Since this Court has already laid down the guidelines by orders passed from time to time in this writ petition and in subsequent orders passed in different cases since then, we do not consider it necessary to restate the guidelines periodically because the enforcement of the guidelines by the subordinate courts functioning in different States should now be the responsibility of the different High Courts to which they are subordinate. General orders for release of under-trials without reference to specific fact- situations in different cases may prove to be hazardous.
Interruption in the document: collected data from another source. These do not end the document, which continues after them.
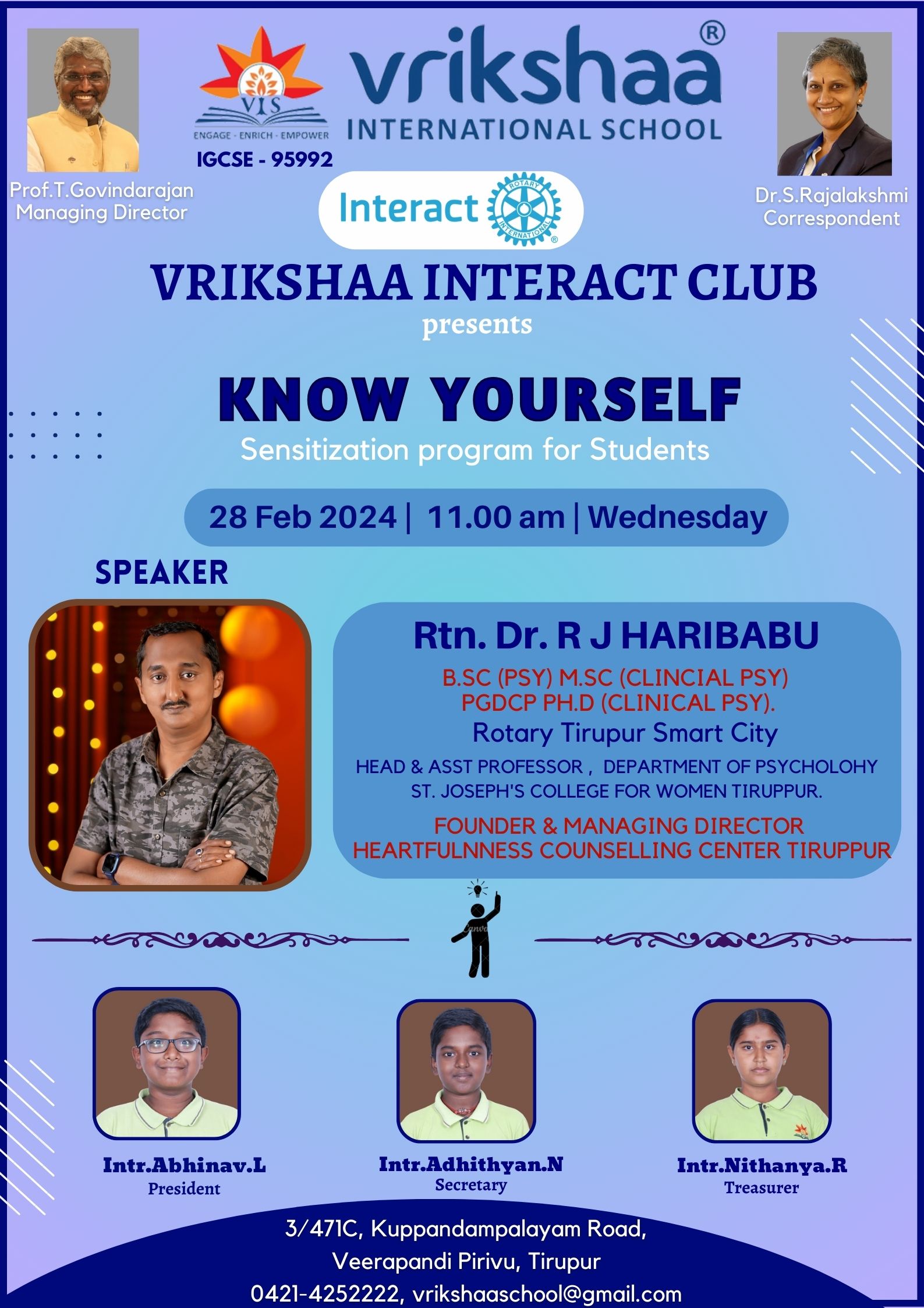 Dr.Haribabu Given a Session for Students about Know Yourself.
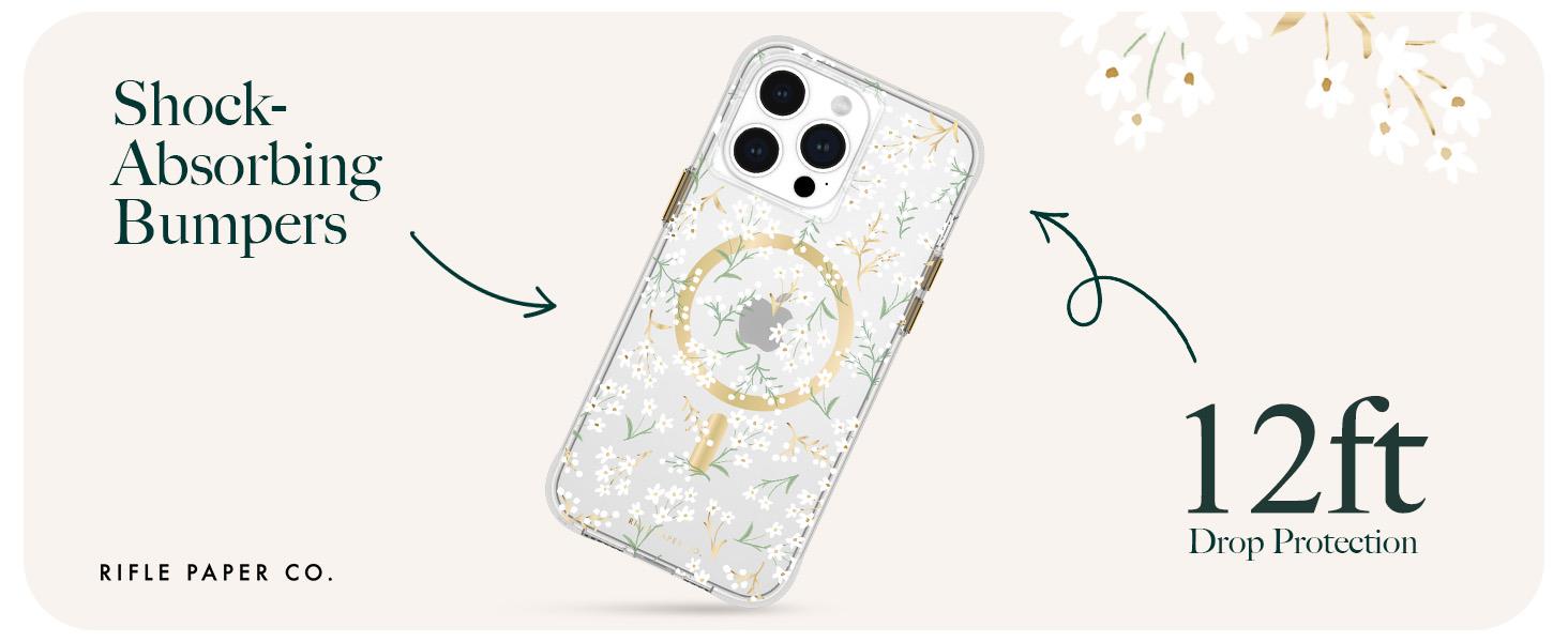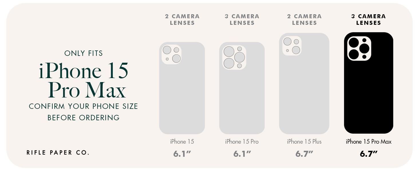 - Petite Fleurs: Made with Rifle Paper Co.'s sophisticated floral pattern, this case for iPhone 15 Pro Max provides both style and protection; It utilizes a unique printing technique and special ink to prevent the design from rubbing, fading, or smudging; This luxury case adds style to your personality and is a perfect gift for your family, friends, and loved ones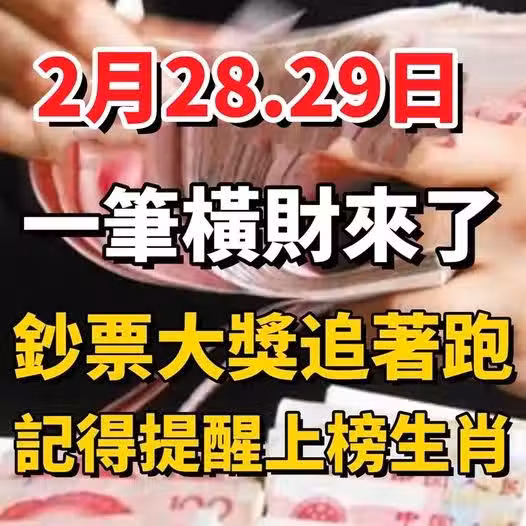 2月28.29日:一筆橫財來了,鈔票大獎追著跑!記得提醒上榜生肖!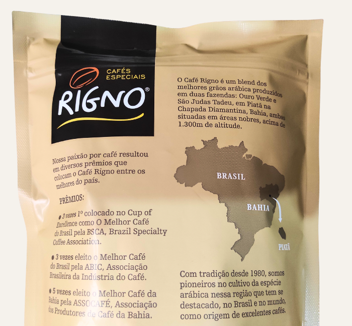 O Café Rigno é um blend exclusivo de grãos 100% arábica, cultivados nas fazendas Ouro Verde e São Judas Tadeu, em Piatã, Chapada Diamantina (BA), acima de 1.300 metros de altitude.

While there can be no doubt that under-trial prisoners should not languish in jails on account of refusal to enlarge them on bail for want of their capacity to furnish bail with monetary obligations, these are matters which have to be dealt with on case to case basis keeping in mind the guidelines laid down by this Court in the orders passed in this writ petition and in subsequent cases from time to time. Sympathy for the under-trials who are in jail for long terms on account of the pendency of cases has to be balanced having regard to the impact of crime, more particularly, serious crime, on society and these considerations have to be weighed having regard to the fact-situations in pending cases. While there can be no doubt that trials of those accused of crimes should be disposed of as early as possible, general orders in regard to judge-strength of subordinate judiciary in each State must be attended to, and its functioning overseen, by the High Court of the concerned State. We share the sympathetic concern of the learned counsel for the petitioners that under-trials should not languish in jails for long spells merely on account of their inability to meet monetary obligations. We are, however, of the view that such monitoring can be done more effectively by the High Courts since it would be easy for that Court to collect and collate the statistical information in that behalf, apply the broad guidelines already issued and deal with the situation as it emerges from the status reports presented to it. The role of the High Court is to ensure that the guidelines issued by this Court are implemented in letter and spirit. We think it would suffice if we request the Chief Justices of the High Courts to undertake a review of such cases in their States and give appropriate directions where needed to ensure proper and effective implementation of the guidelines. Instead of repeating the general directions already issued, it would be sufficient to remind the High Courts to ensure expeditious disposal of cases. Withdrawal of cases from time to time may not always be an appropriate and acceptable remedy, but what is required is to evolve a mechanism which would enable early disposal of cases. The High Court being on the spot would be able to diagnose the ailment rather than merely deal with the symptoms. We are, therefore, of the view that these petitions have served their purposes and should stand disposed of leaving the further implementation to the High Courts.